Skipping all pictures, please restate word for word the lines from the one that contains "發光彩蛋LED彩燈吸盤掛飾復活節室內窗戶節日氛圍感裝飾場景布置" through the last line of the entries.

-- Input records follows --

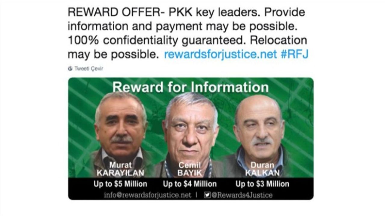 Mesajda fotoğrafları yer alan Karayılan için 5 milyon dolar, Bayık için 4 milyon dolar, Kalkan için 3 milyon dolara kadar ödül verilebileceği hatırlatılmıştı.
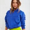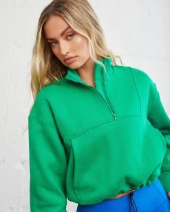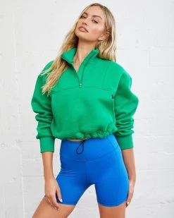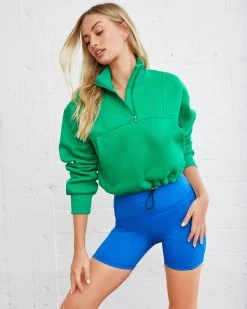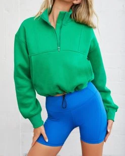 //VICI Exclusive// Our Athletic Cotton Blend Pocketed Half Zip Pullover is right on trend! This green pullover features a kangaroo pocket. Designed with ribbed edges and a drawstring waistband. Styled with the Superset Biker Shorts.
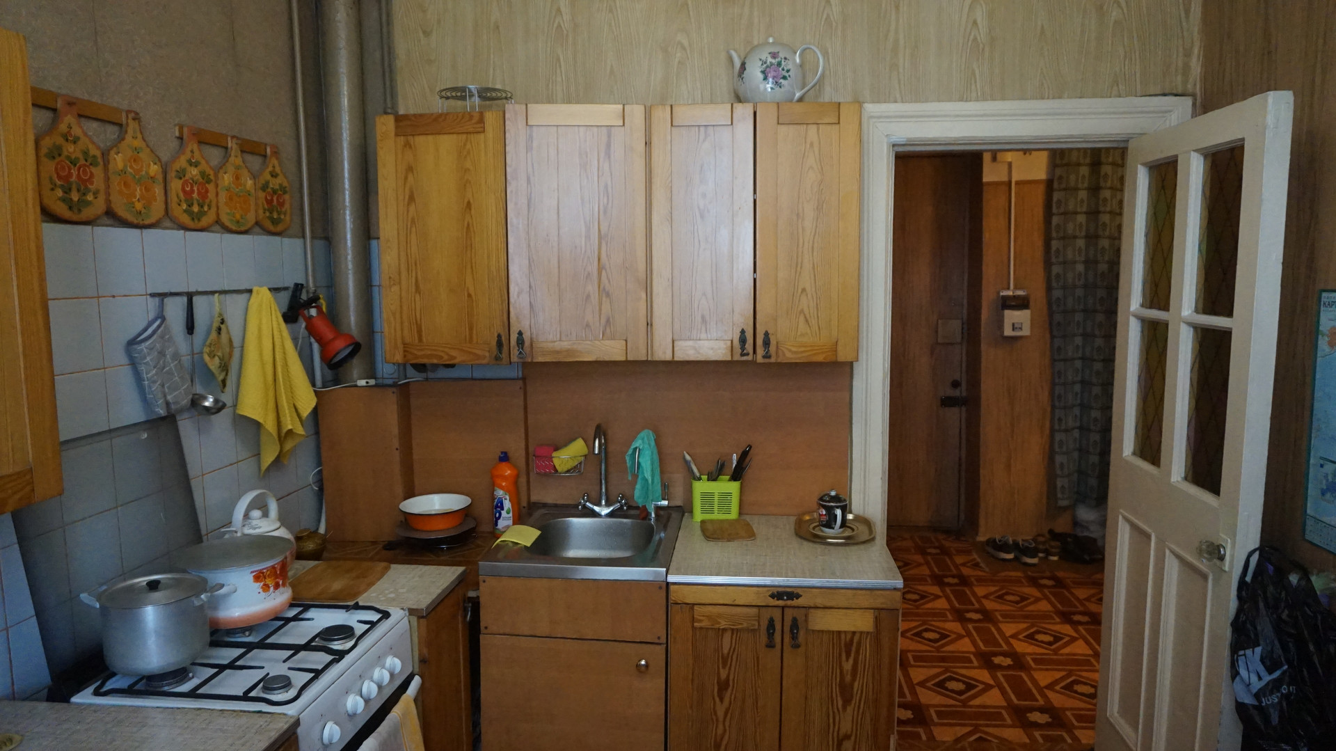 Квартира под ремонт, горячая вода газовая колонка новая, все окна заменены на пластиковые Rehau, пол дубовый паркет, недавно был установлен мощный бесшумный кондиционер. Дом после косметического ремонта.
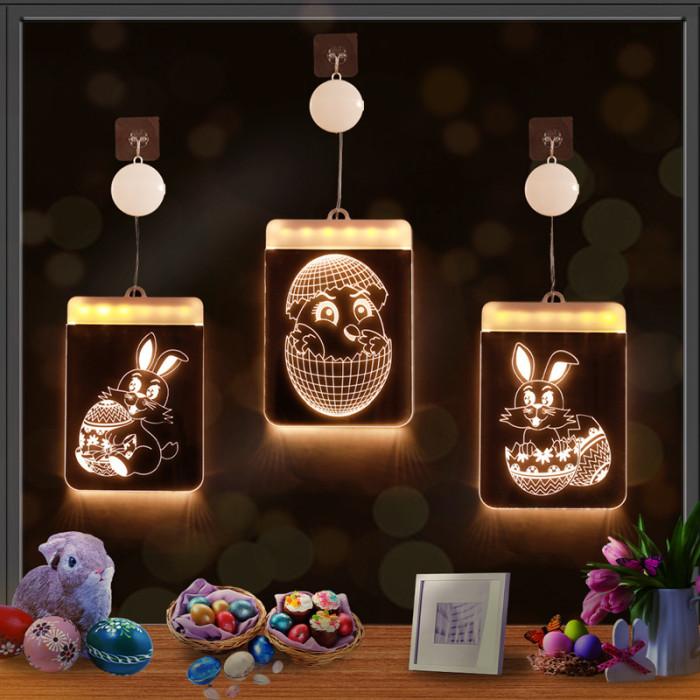 發光彩蛋LED彩燈吸盤掛飾復活節室內窗戶節日氛圍感裝飾場景布置
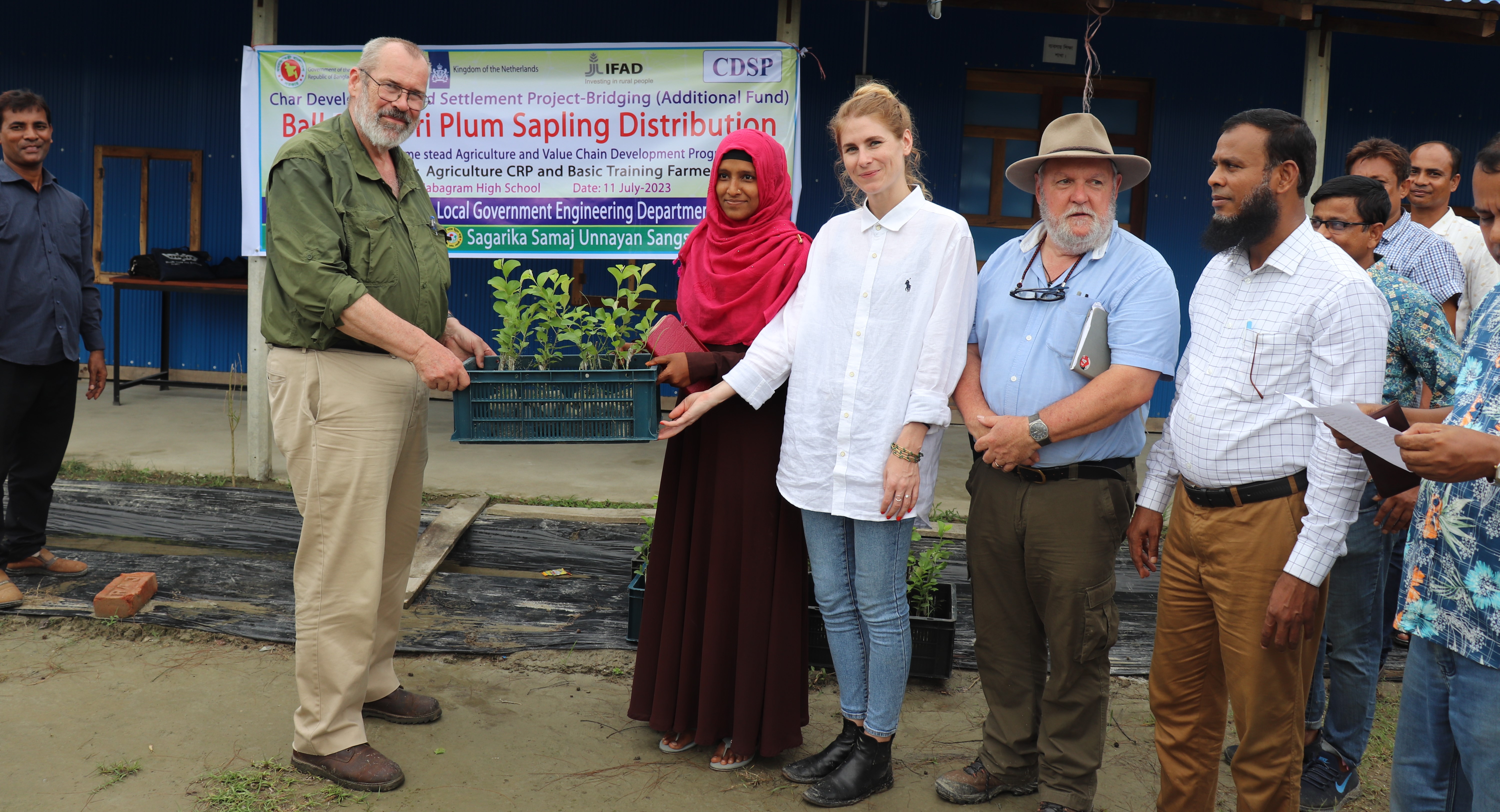 সিডিএসপি’র টিম লিডার জনাব এনড্রো জেনকিন ও মিশন টিমের সদস্যগণ উপকারভোগীদের মাঝে বল সুন্দরী জাতের কুলের চারা বিতরণ করছেন।
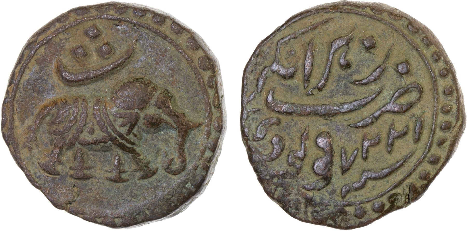 MYSORE: Tipu Sultan, 1782-1799, AE paisa (zohra) (11.25g), Nagar, AM1227, KM-103.9, elephant right, year 4 indicated by the Persian letter "se" above elephant, zohra right of mint name, VF-XF, ex Dr. Vincent John Adams Flynn Collection.

-- Input records concluded --

Result below:
 發光彩蛋LED彩燈吸盤掛飾復活節室內窗戶節日氛圍感裝飾場景布置
 সিডিএসপি’র টিম লিডার জনাব এনড্রো জেনকিন ও মিশন টিমের সদস্যগণ উপকারভোগীদের মাঝে বল সুন্দরী জাতের কুলের চারা বিতরণ করছেন।
 MYSORE: Tipu Sultan, 1782-1799, AE paisa (zohra) (11.25g), Nagar, AM1227, KM-103.9, elephant right, year 4 indicated by the Persian letter "se" above elephant, zohra right of mint name, VF-XF, ex Dr. Vincent John Adams Flynn Collection.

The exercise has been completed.